**What is needed**. Exact copies of the lines below, from the one with "Kvarnsvedens pappersbruk. N:o" up to and including the one with "In Figure 3, represents", are what this calls for; leave out pictures.

(Dataset entries)
[Start of section]
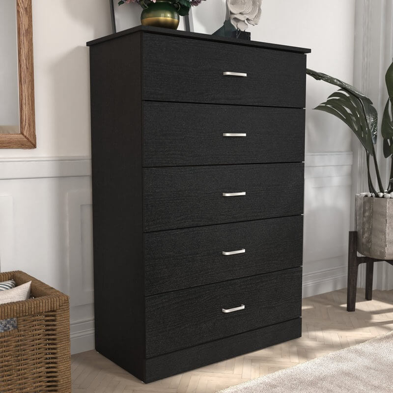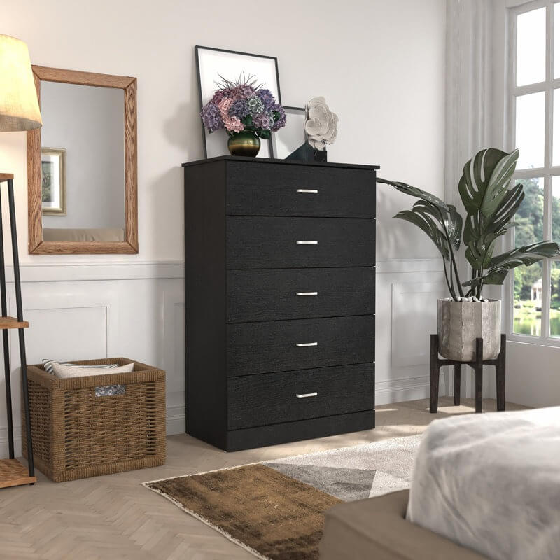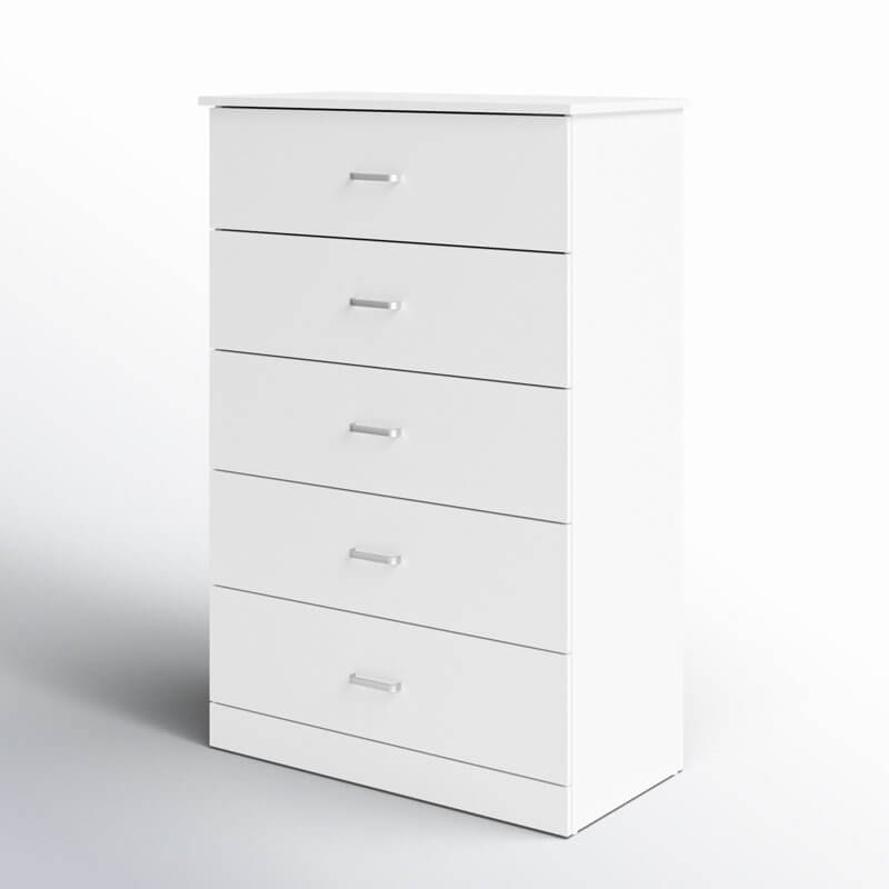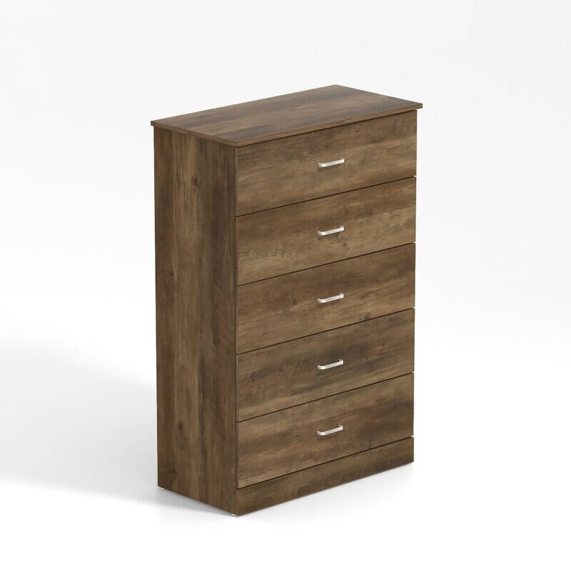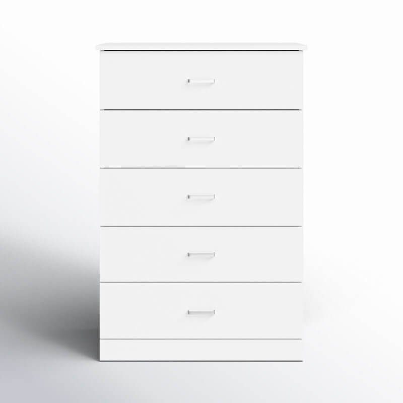 This 5-drawer dresser delivers sleek materials and a clean-lined look. Ultra-fast assembly method eases your assembly time. It's built from engineered wood with a neutral finish, and it features a streamlined rectangular design. The five stacked drawers provide a place for everything from sweaters to denim, and its top surface easily holds a couple of decoration items. Plastic drawer pulls and a barely-there plinth base round out the modern look. Plus, a wall anchor is included for added safety.
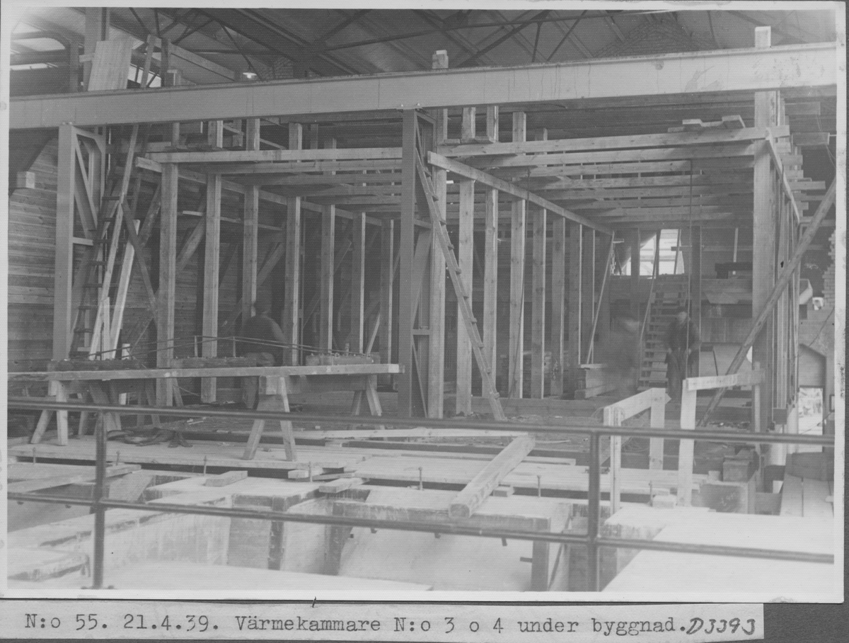 Kvarnsvedens pappersbruk. N:o 55. 21.4.39. Värmekammare N:o 3 och 4 under byggnad. D3393.
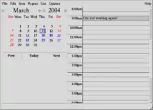 ical is a calendar package written in Tcl/Tk by Sanjay Ghemawat for Unix systems. ical is known for its simple, intuitive interface. It's possible for Tcl/Tk programmers to extend ical with custom functionality. It stores all calendaring information in a single flat text file per user that may be easily parsed by other programs. ical is free software released under the GNU General Public License.
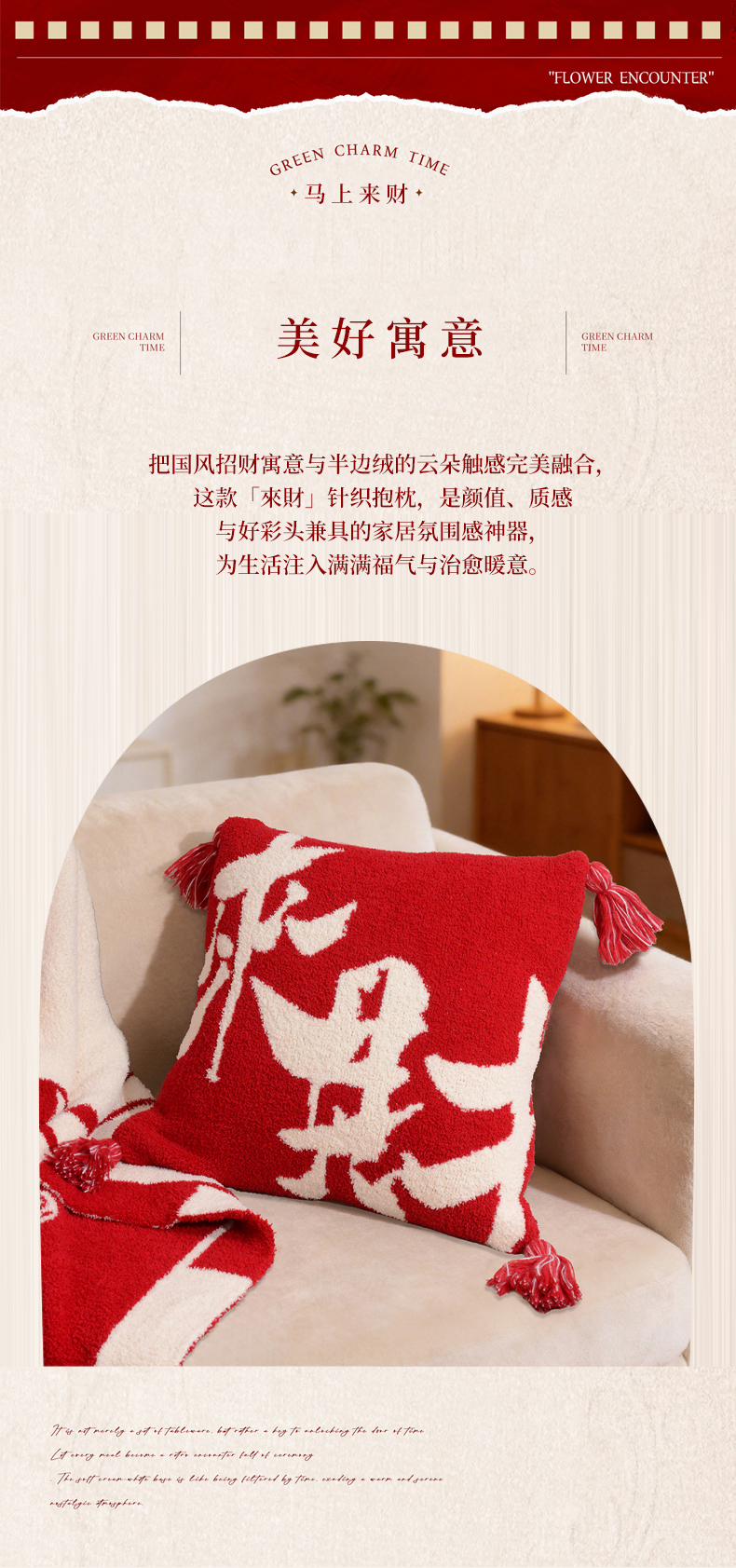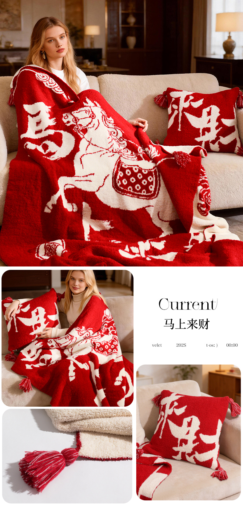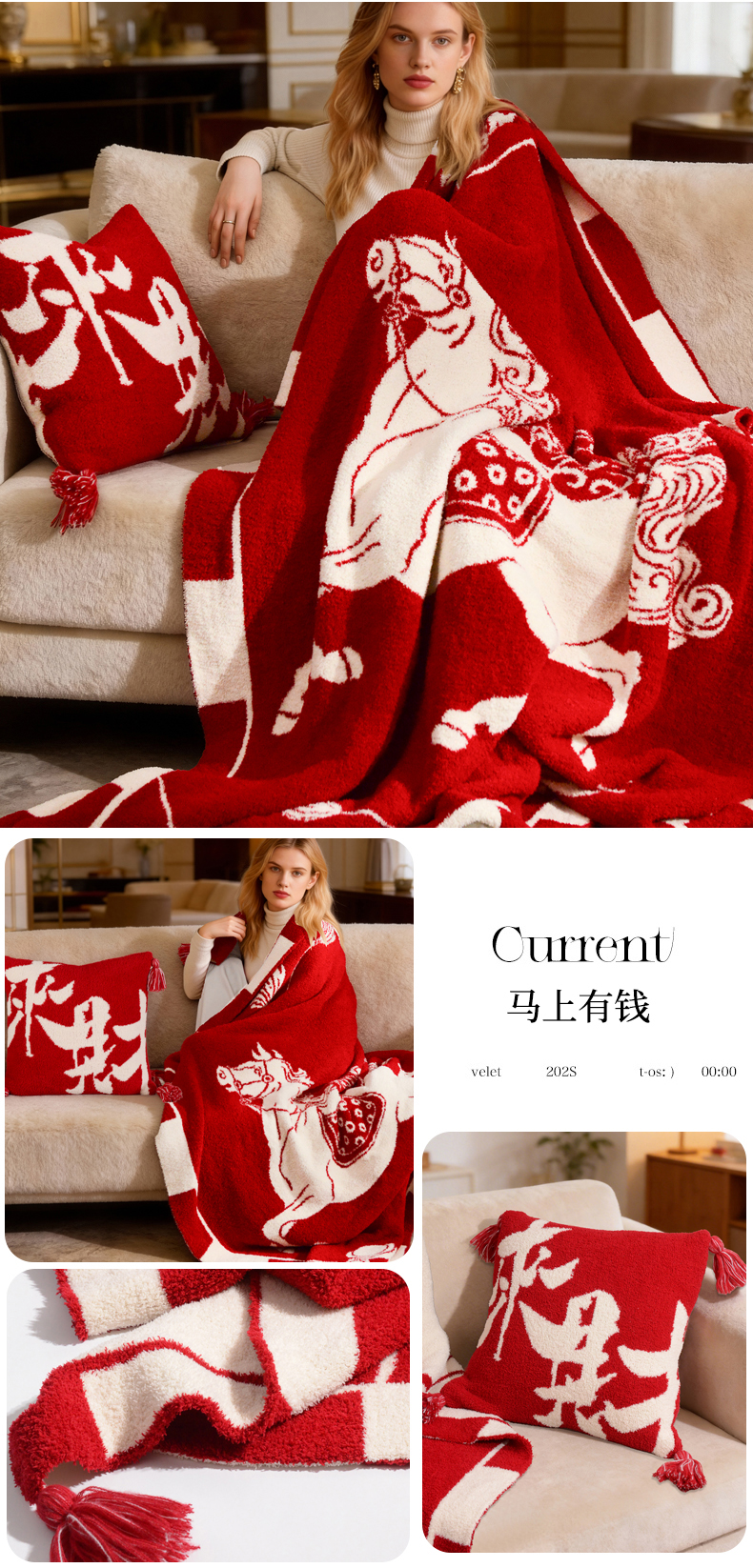 (总)苏艺针织盖毯 2026新款A类半边绒国风祥瑞针织毯披肩毛毯多功能盖毯送礼礼物,马上来财,马上有钱,马上来财抱枕套,礼盒,枕芯
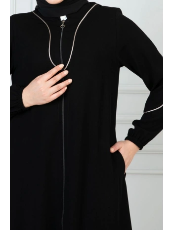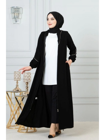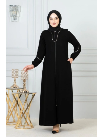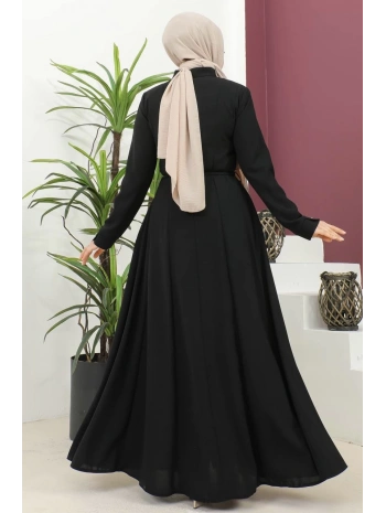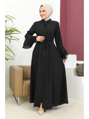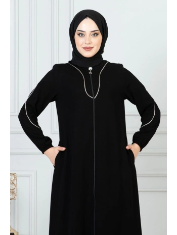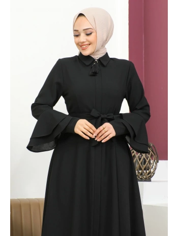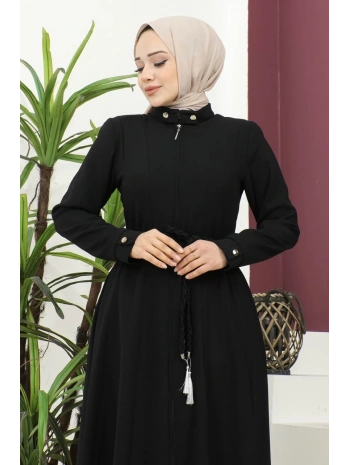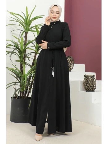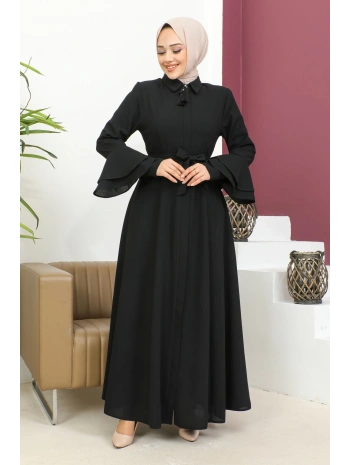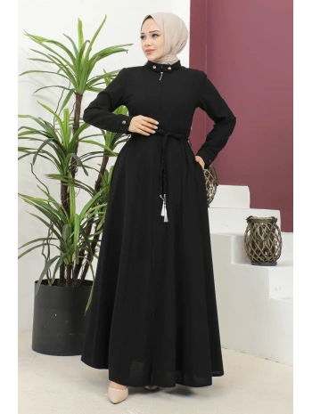 Burgu Kemerli Dokuma Kumaş Mevsimlik Mevlana Ferace - Siyah / F0131
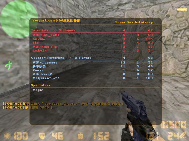 | -- 作者:claymore -- 发布时间:2009-01-24 11:20:00 -- 以下是引用Ducky在2009-1-24 11:19:00的发言: King_pig真惨,他是比我厉害,可是我趁他换弹时穿他,当场就暴头了
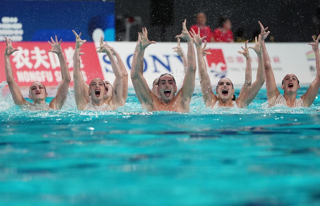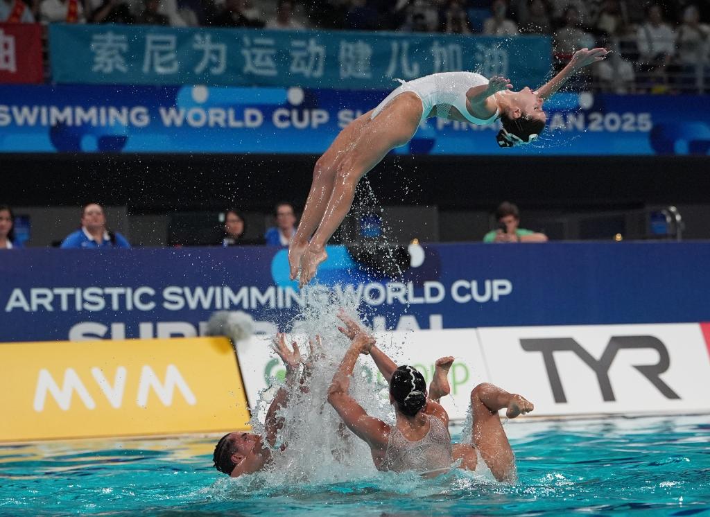 当日,2025年花样游泳世界杯总决赛集体技巧自选决赛在西安奥体中心游泳跳水馆举行。pagebreak
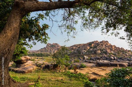 © pespiero, Obraz premium インド ハンピのトゥンガバドラ川沿いの風景と岩山
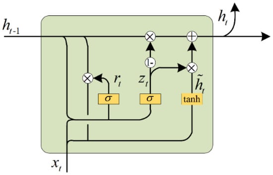 In Figure 3, represents the model input data at time t, represents the output result after the input data are calculated by the reset gate and the update gate at the previous moment, represents the information reset gate, represents the information update gate, represents the state to be activated, represents the output of the model at the current time t. The formula is as follows:
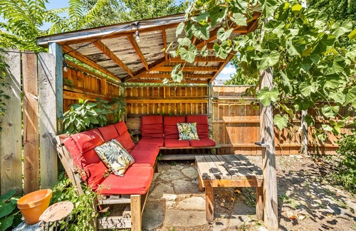 Porch and patio seating. Finished basement complete with TV, comfy full-size futon bed, full bath with Steam Shower, TV, Blueray player, and office room (see photos).
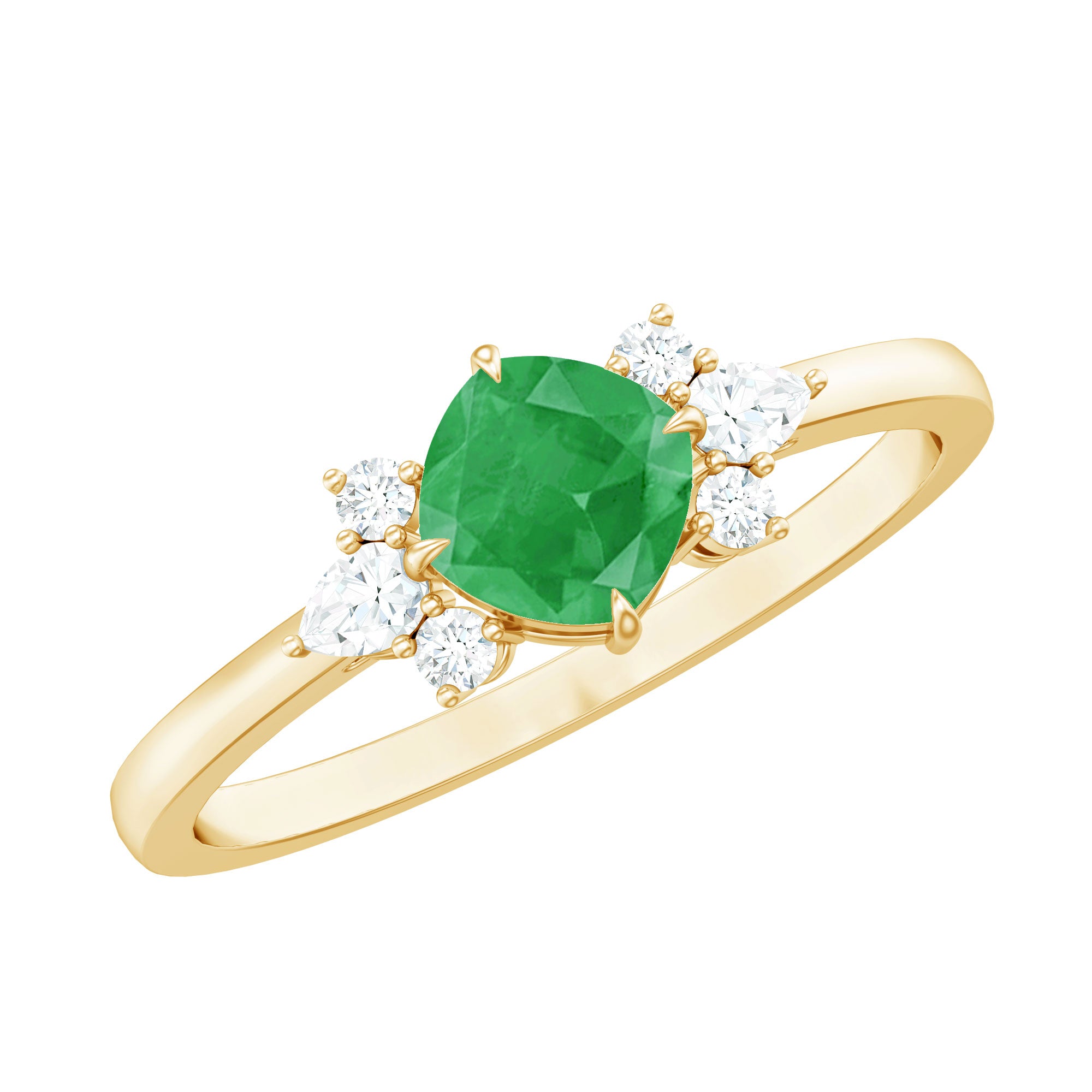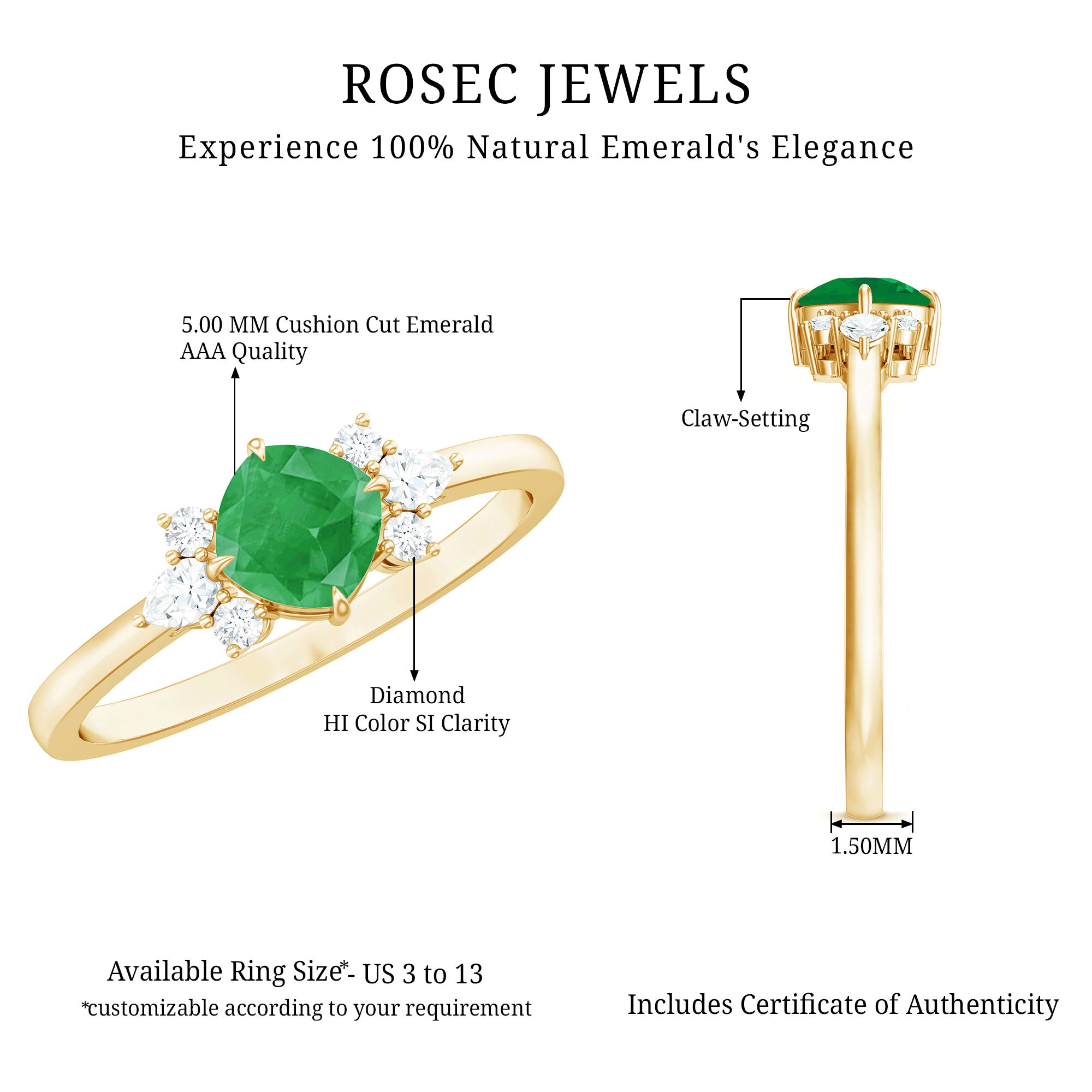 Certified Real Cushion Cut Emerald Engagement Ring with Diamond Trio
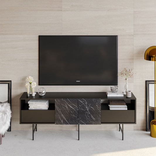 Μπουφές Kevan pakoworld μαύρο μαρμάρου-μαύρο πόδι 180x35x65εκ
[End of section]
**Output of the task**.
 Kvarnsvedens pappersbruk. N:o 55. 21.4.39. Värmekammare N:o 3 och 4 under byggnad. D3393.
 ical is a calendar package written in Tcl/Tk by Sanjay Ghemawat for Unix systems. ical is known for its simple, intuitive interface. It's possible for Tcl/Tk programmers to extend ical with custom functionality. It stores all calendaring information in a single flat text file per user that may be easily parsed by other programs. ical is free software released under the GNU General Public License.
 (总)苏艺针织盖毯 2026新款A类半边绒国风祥瑞针织毯披肩毛毯多功能盖毯送礼礼物,马上来财,马上有钱,马上来财抱枕套,礼盒,枕芯
 Burgu Kemerli Dokuma Kumaş Mevsimlik Mevlana Ferace - Siyah / F0131
 | -- 作者:claymore -- 发布时间:2009-01-24 11:20:00 -- 以下是引用Ducky在2009-1-24 11:19:00的发言: King_pig真惨,他是比我厉害,可是我趁他换弹时穿他,当场就暴头了
 当日,2025年花样游泳世界杯总决赛集体技巧自选决赛在西安奥体中心游泳跳水馆举行。pagebreak
 © pespiero, Obraz premium インド ハンピのトゥンガバドラ川沿いの風景と岩山
 In Figure 3, represents the model input data at time t, represents the output result after the input data are calculated by the reset gate and the update gate at the previous moment, represents the information reset gate, represents the information update gate, represents the state to be activated, represents the output of the model at the current time t. The formula is as follows:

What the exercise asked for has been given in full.